丁大虎把肉擱進籃子裡,那塊肉四四方方,底下墊了兩片葉子,上頭又蓋了塊粗布,他不想別人看了去。
提起籃子掂了掂,又掀開布角看了一眼,這才出了門。
從丁家到孫家那條路他閉著眼都能摸過去,可越往那邊走步子越慢,手心沁了一層薄汗,攥著籃子提手直打滑。
到了孫家院門口,果然還是那扇歪歪斜斜的木門,風一吹吱嘎吱嘎直響,要散架了。
丁大虎站在外頭喘勻了氣,這才喊了一嗓子:“有人在家嗎?”
裡頭靜了一瞬,接著是腳步聲。
春芬開了門,袖子還卷著,手上溼淋淋的。
看見丁大虎,她先是一愣,隨即低下頭去,耳根紅了一片,手指下意識地往袖口裡縮了縮,聲音也悶悶的:“大虎哥,你咋來了?”
丁大虎把籃子往上提了提,掀開一角粗布給她看:“我爹買了野豬肉,讓我割了一斤送來。”
話一齣口他又覺得乾巴巴的,趕緊補了一句,“新鮮的,今兒才弄的。”
春芬往籃子裡瞅了一眼,那肉顏色深紅,肥瘦相間,一看就是好東西。
她眼睛亮了一瞬,可隨即又暗了下去,連忙擺手:“不……不用,你們自己留著吃吧!丁叔丁嬸也不容易,上回的雞肉已經很過意不去了……”

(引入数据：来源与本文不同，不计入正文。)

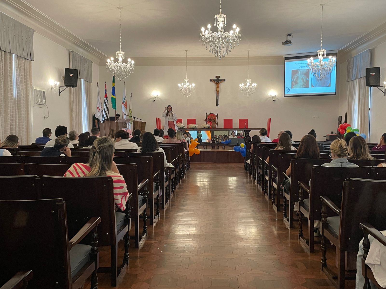 Depois, foi a vez da nutricionista da Santa Casa, Juliana Gonzaga, que explicou sobre a nutrição do paciente oncológico, e da Enfª. Dileiny Geronutti, que falou dos cuidados paliativos em pacientes oncológicos.
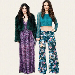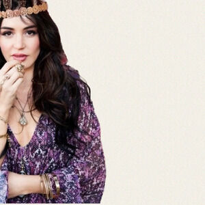 The perfect boho maxi dress. Long bell sleeves, cinched/elastic waist, and a v-neckline with ties. So flowy!
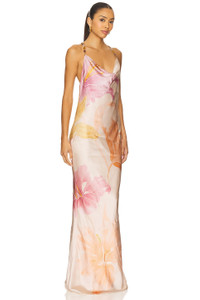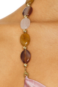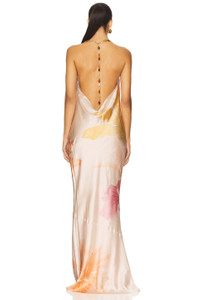 - Self: 96% viscose 4% elastane Lining: 95% polyester 5% spandex - Dry clean only - Fully lined - Back lobster clasp closure - Halterneck styling with multicolored beaded detailing - Draped neckline - Heavyweight satin fabric - Revolve Style No. ROFR-WD994 - Manufacturer Style No. R-PF25-11665-17
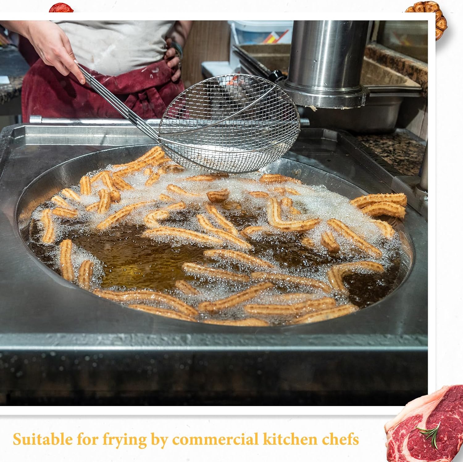 - Ideal Size for Various Uses: the fryer skimmer measures about 9 inches/ 23 cm in diameter, about 27 inches/ 68.5 cm in handle length and about 36 inches/ 91.5 cm in whole length, offers versatility in use and allowing users to reach into deep pots and fryers without the risk of burns; This makes it a handy tool for many cooking tasks
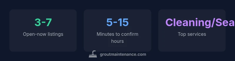 When you search for grout near me open now, you’re balancing speed with accuracy. Open-now listings can appear from maps, directories, and service marketplaces, but not all hours are up-to-date. Start by treating open-now filters as a starting point, not a guarantee. Open-hours can change on weekends, holidays, or after-hours emergencies, and some providers may offer limited on-site options while others operate primarily by appointment. The goal is to translate a live listing into a real, bookable slot, ideally within the next 24 hours. As you read profiles, prioritize those that explicitly state current hours, service areas, and whether they can handle the specific grout task you need—whether cleaning, sealing, or minor repair. According to Grout Maintenance, cross-checking multiple sources and calling to confirm is the most reliable path to a real open slot. This extra step saves you time and reduces the risk of being left on hold when you need urgent grout care.
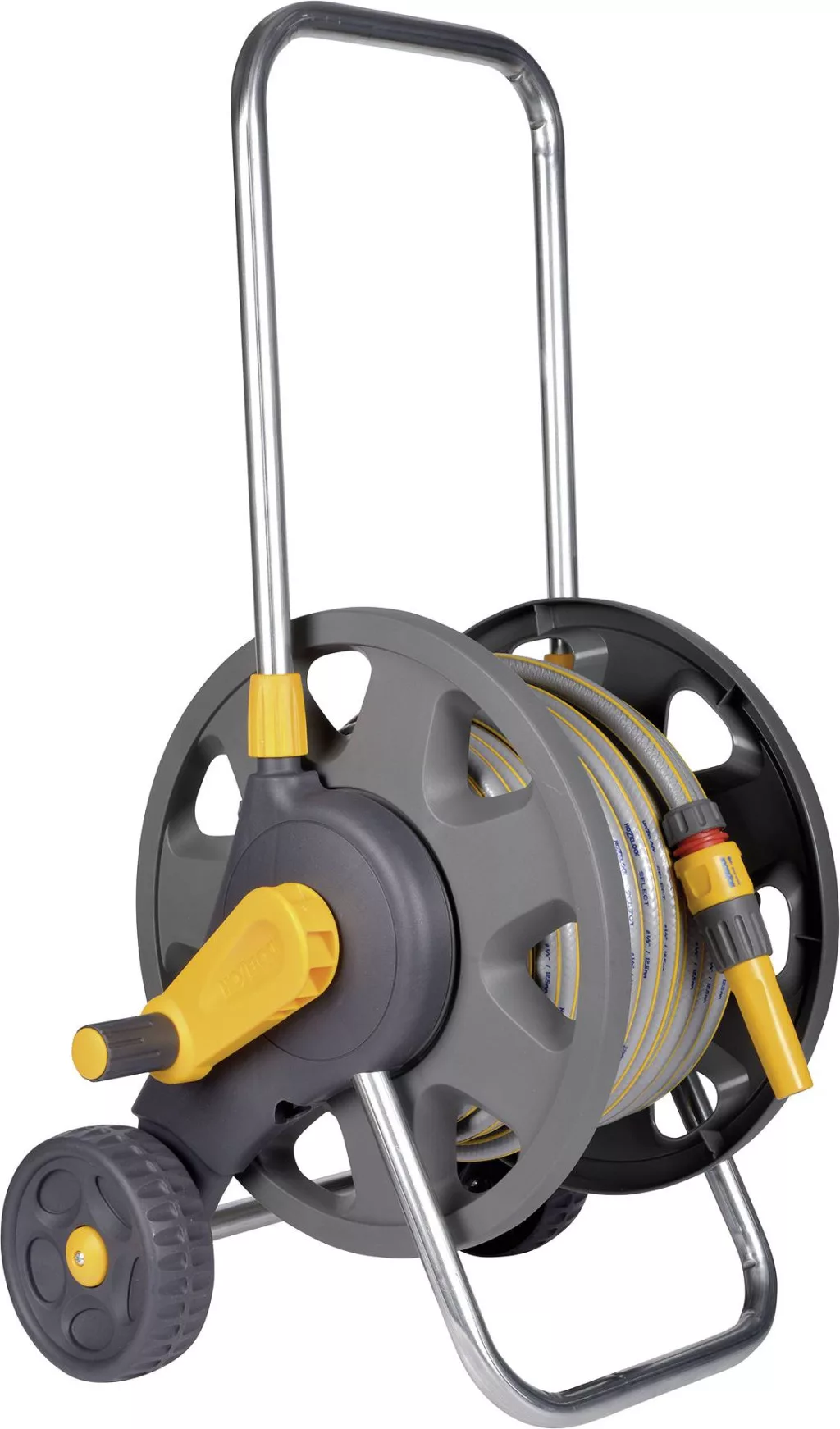 Stabil és könnyen szállítható tömlőkocsi nagy forgó fogantyúval. Ez a modell kis és közepes méretű kertekbe alkalmas, és akár 45 méter (Ø12,5 mm) tömlő befogadására is alkalmas. Ez a tömlőkocsi már teljesen összeszerelt állapotban van, és 20 méter 12,5 mm-es tömlővel, folyamatosan állítható tömlővéggel és minden szükséges tartozékkal (3/4 és 1/2 csapcsatlakozás, tömlődarabok és vízzáró tömlődarabok) van felszerelve. A tömlőkocsi azonnal használatra kész, összeszerelés vagy beállítás nélkül. Kihúzható fogantyú a könnyű mozgatás és használat utáni tárolás érdekében.
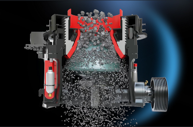 在工作時通過電動機的旋轉帶動帶輪或聯(lián)軸器、傳動軸和圓錐部在軸心線下使偏心軸做周期性旋擺運動。在物料從料口進入破碎腔后因受到偏心軸和軋臼壁的相互沖擊擠壓、研磨、揉搓從而產(chǎn)生破碎的作用。液壓保險系統(tǒng)能在機器發(fā)生過鐵故障或者悶車現(xiàn)象時通過液壓將支撐套和定錐部排除出故障物,在起到很好的保險作用的同時大大的降低了維修率及提高生產(chǎn)效率。
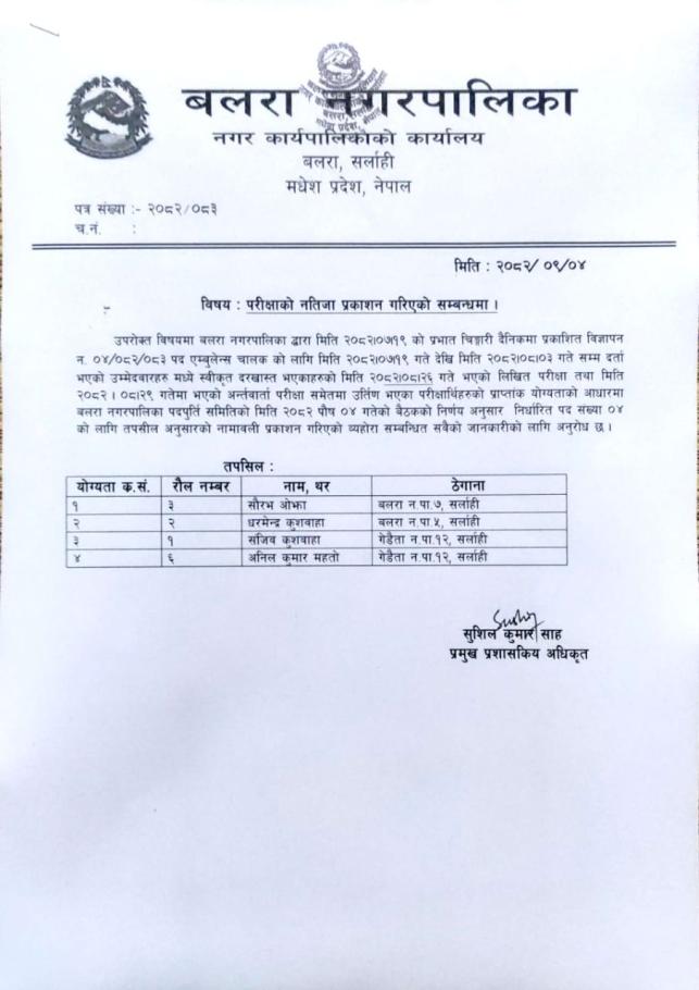 एम्बुलेन्स चालक पदको अन्तिम नतिजा प्रकाशन सम्बन्धी सूचना
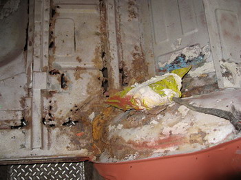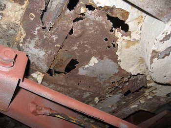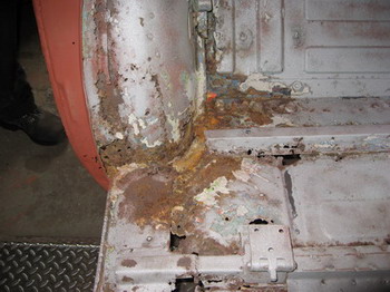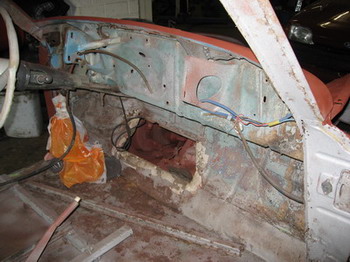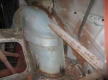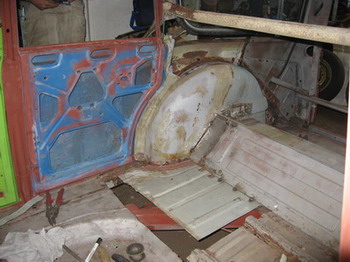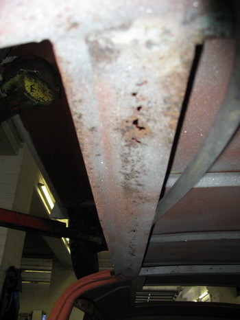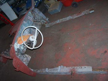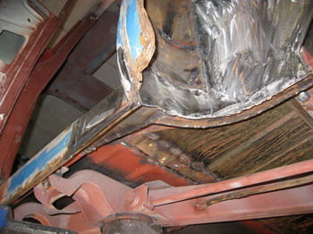 Von der rechten A-Säule ist auch mehr als erwartet stehengeblieben. Dafür ist das Bodenblech um so schlimmer.
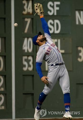 epa09480898 New York Mets left fielder Kevin Pillar can not field the ball during the fourth inning against the Boston Red Sox at Fenway Park in Boston, Massachusetts, USA, 21 September 2021. EPA/CJ GUNTHER
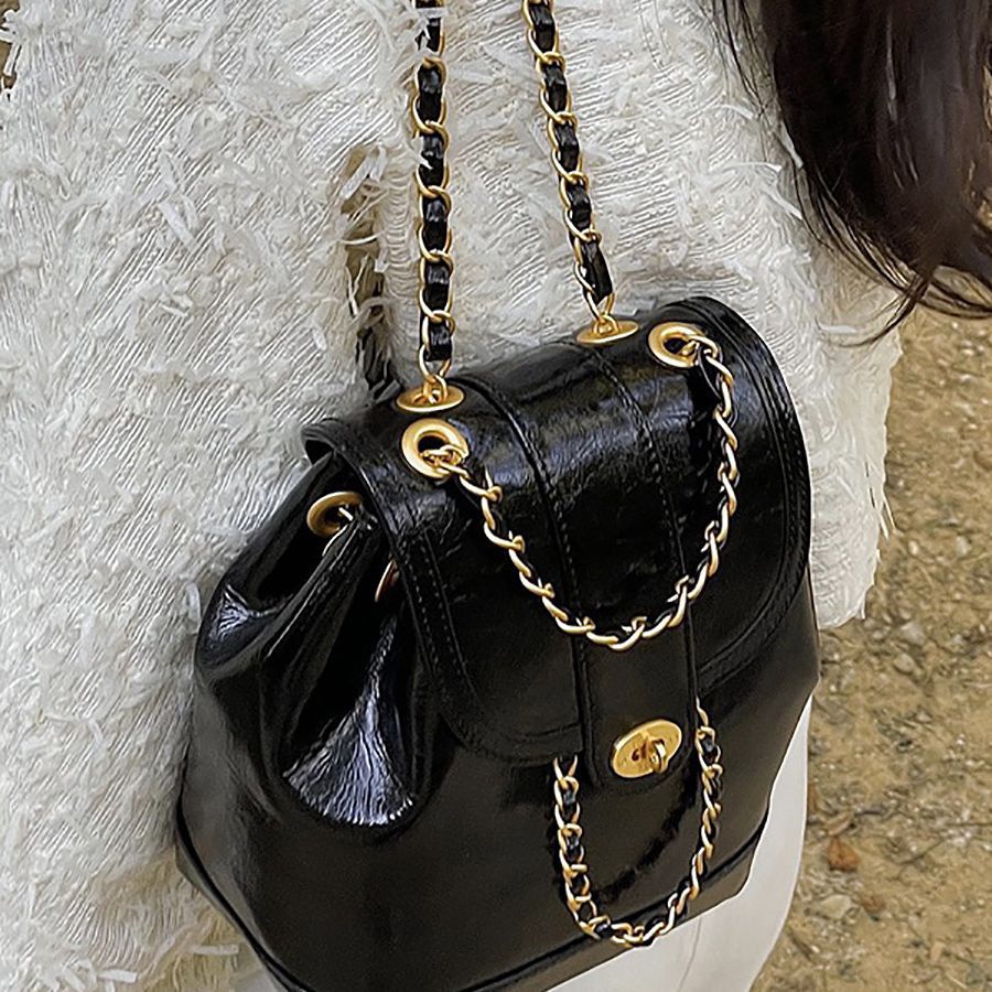 韩国小香风迷你小众新款链条双肩包女ins博主学生油蜡皮单肩背包

她聲音越來越低,最後幾個字幾乎含在嘴裡,手指絞著溼漉漉的袖口,“我不想你娶了我,就要受累啃。”
丁大虎聽了這話,心裡頭像被什麼東西堵了一下。
他最怕春芬說這種話,她家那點事村裡誰不知道?她爹老實本分,她娘病了這些年藥罐子沒斷過,底下四個弟妹眼巴巴等著吃飯,日子過得緊巴巴的。
丁大虎清了清嗓子,悶聲說道:“就算你不想要,你也要想想夏芬她們。那幾個小的多久沒沾過肉腥了?上回的雞肉統共就那麼幾塊,一人分了一塊,筷子一夾就沒了,她們正是長身體的時候,總不能頓頓白菜幫子。”
春芬嘴唇動了動,沒說出話來。
她當然知道弟弟妹妹饞,冬芬上次吃飯都盯著碗裡那點菜湯看了半天,二蛋更是做夢都喊”吃肉“,這些她全看在眼裡。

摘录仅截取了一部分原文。